I finally sat down the other night, knowing that niggling feeling that something wasn’t quite right and wrote what had always been my dreams; before I had a house, or a family, or a career, or targets and tasks jotted down on a to do list and it went like this:
Be a Singer/songwriter (currently working towards, tick)
Be a Writer (am writing now, tick)
Be a Mermaid (I think a weekly visit to the pool, learning to dive, and maybe getting in the sea might be as close as I get to that)
Be able to fly (numerous attempts as a child jumping off walls, might take some more thought…)
Be a Martial Arts master (I have my dad to thank for this one, after all the kung fu films we watched when I was growing up. I’ve recently finished teaching Karate and will now be learning Kung Fu)
Be an artist (ok so painting my cousin’s little girl a hello kitty picture and making her a birthday card might be as good as it gets for me here, bar the odd bit of sketching on holiday).
Be a ‘proper’ Chinese person (born in England and being only half Chinese, I might have managed to hold on to lion dances at Chinese New Year, lanterns, dim sum, and my maiden name Cheung as singer Makala Cheung, but I want to learn the language. Ok, found a free website, now just got to do it!)

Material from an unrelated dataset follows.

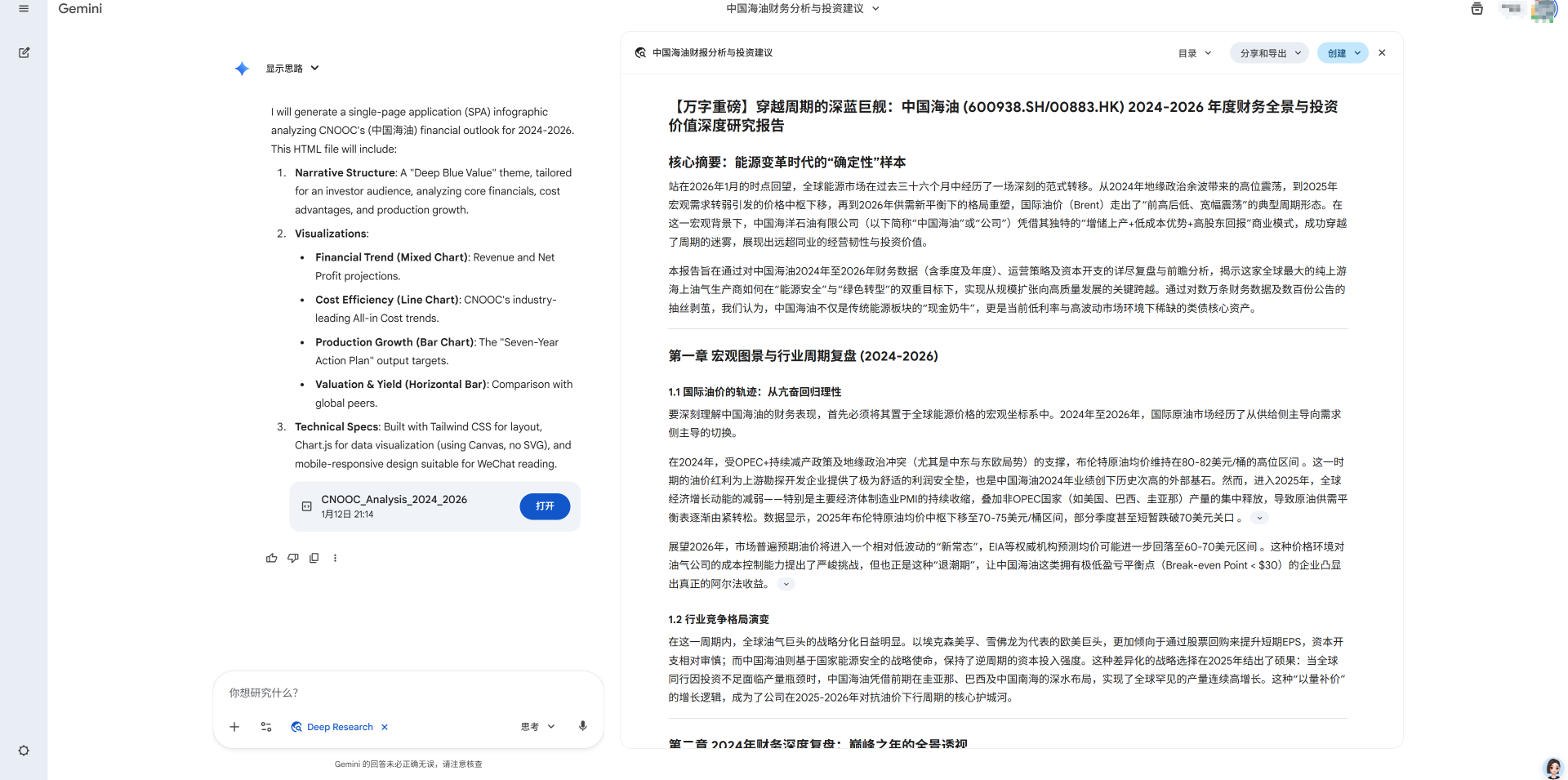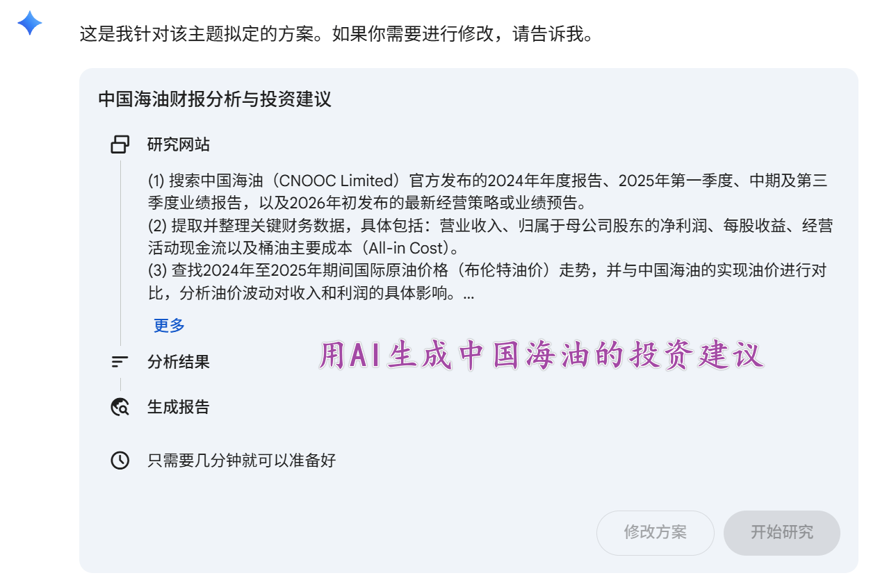人工提问环节:期望AI回答关于“中国海油”的投资主题研究,

The point is, I don’t think your dreams really ever change much. Science might say we love being near water, but for me thinking about my dreams made me realise I love being in water (even the rain, minus hurricane winds). And that goes back to what The Element said to me about finding that thing, that thing that’s yours, that you just flow in and let go in and are your best and yourself in. And I know I haven’t quite got there yet, but I’m looking forward to a future of singing, writing, swimming, talking like my dad, and flying, or at least doing flying kicks!

Performing this Saturday

When I’m With You

Rehearsals start for getting out to open mics, starting with The Plantation (Bristol) on Tuesday.

Who is Chau Chong / Zhou Chong?

He is my great uncle, but as my nan has lost her memory we the ‘Cheungs’ have lost some of our family history.

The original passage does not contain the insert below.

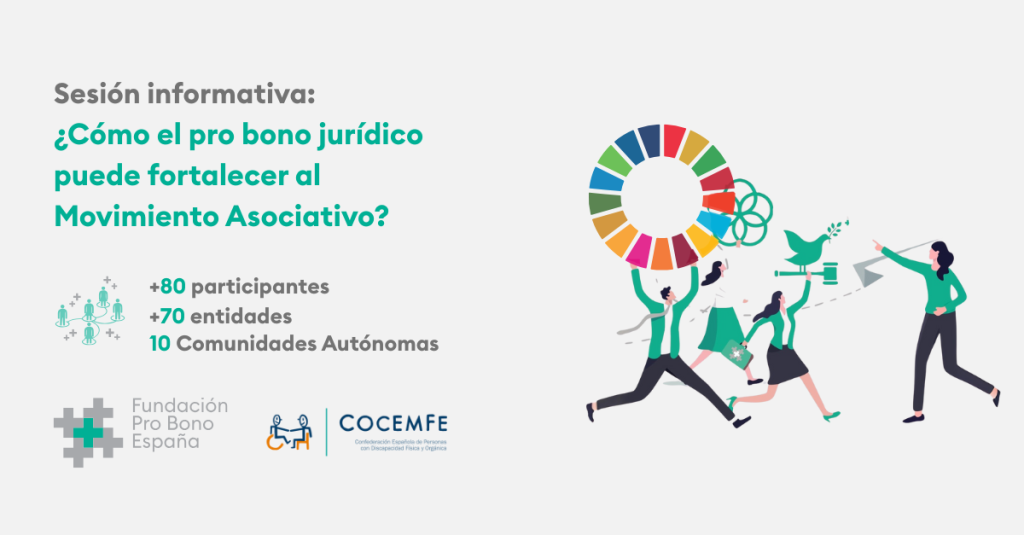 En nuestra contribución a ello, esta semana hemos impartido una sesión informativa dirigida a las entidades confederadas de COCEMFE, con la participación de más de 80 personas de distintas partes de España. Una oportunidad para reflexionar y avanzar juntas sobre cómo el pro bono jurídico puede convertirse en una herramienta estratégica para el Tercer Sector: protege a las organizaciones, amplifica su misión social y potencia su capacidad de incidir en la defensa de los derechos de las personas a las que se dedican.

Thank you to a lovely youtuber who recently filled me on on more details: “Zhou Chong (1925 – 1993), was born in Guangzhou, Hong Kong broadcaster, composer and lyricist, known as “broadcasting Emperor” or “broadcasting Prince”, he was the composer, lyricist and singer in one and could sing very well in early Cantopop, lyricist James Wong named him as ‘the father of Cantopop’. ”

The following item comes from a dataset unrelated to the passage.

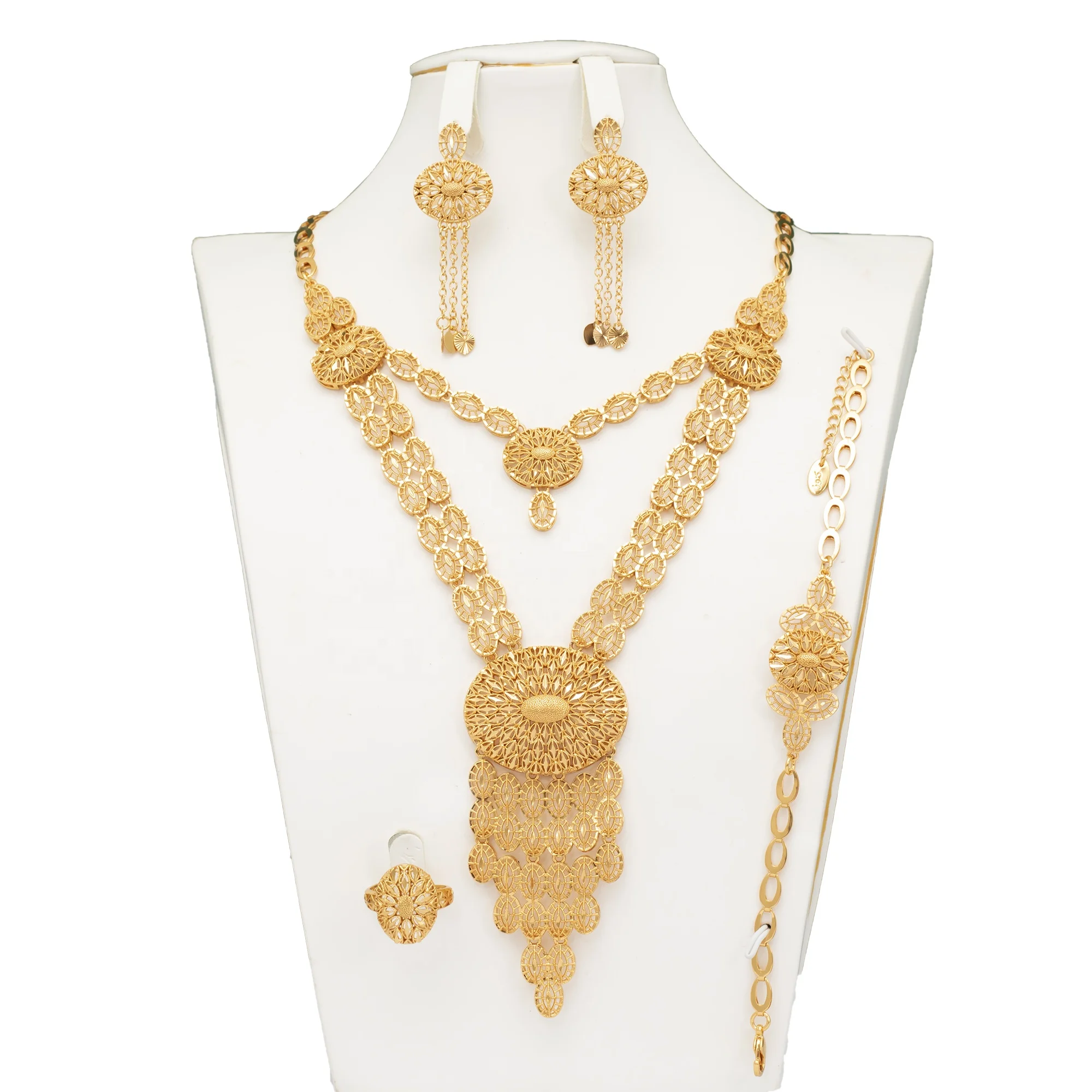 Female Bride Wedding Necklace Earrings Ring Bracelet 14K Gold Fashion Accessory Set

I really wish I knew more! It’s very difficult to search for someone when you don’t really speak the language, and definitely can’t write the characters (all 26,000 of them!)

It is good to know though that it must be in my blood! I wonder if I should hire e detective? In fact anyone that knows chinese writing could probably solve it in a few google clicks!

Ask Me

Since everyone’s been asking me why I changed my name I thought I’d make it clear why I’m no longer going under the name of Lady K. I was advised by pros that it was not a unique name. They are right, I have the name I was born with, and since my EPs gonna be called Who I Am it was like it was meant to be. And on the theme of Who I Am and what people are asking me, I thought I’d share this Chinese song that my dad (Ba Ba) sang to me,when I told him all this. It reflects how I’m feeling right now.
Translated it goes like this…
“Ask me how often I’m happy, ask me how often I cry, how can I count it clearly
Ask me what makes me happy, ask me what makes me sad, I answer with the smile, I am who I am
It doesn’t matter how many times I’m right, or if I do many wrongs, I except the results
Facing the whole world, not afraid of what will happen, I whole heartedly stay true to who I am
Ask me how often I win or lose, it doesn’t matter, I couldn’t count it clearly
One day I’ll reach the end of my life, and it doesn’t matter what storms I go through
As long as I can shout out and say I was true to who I am.”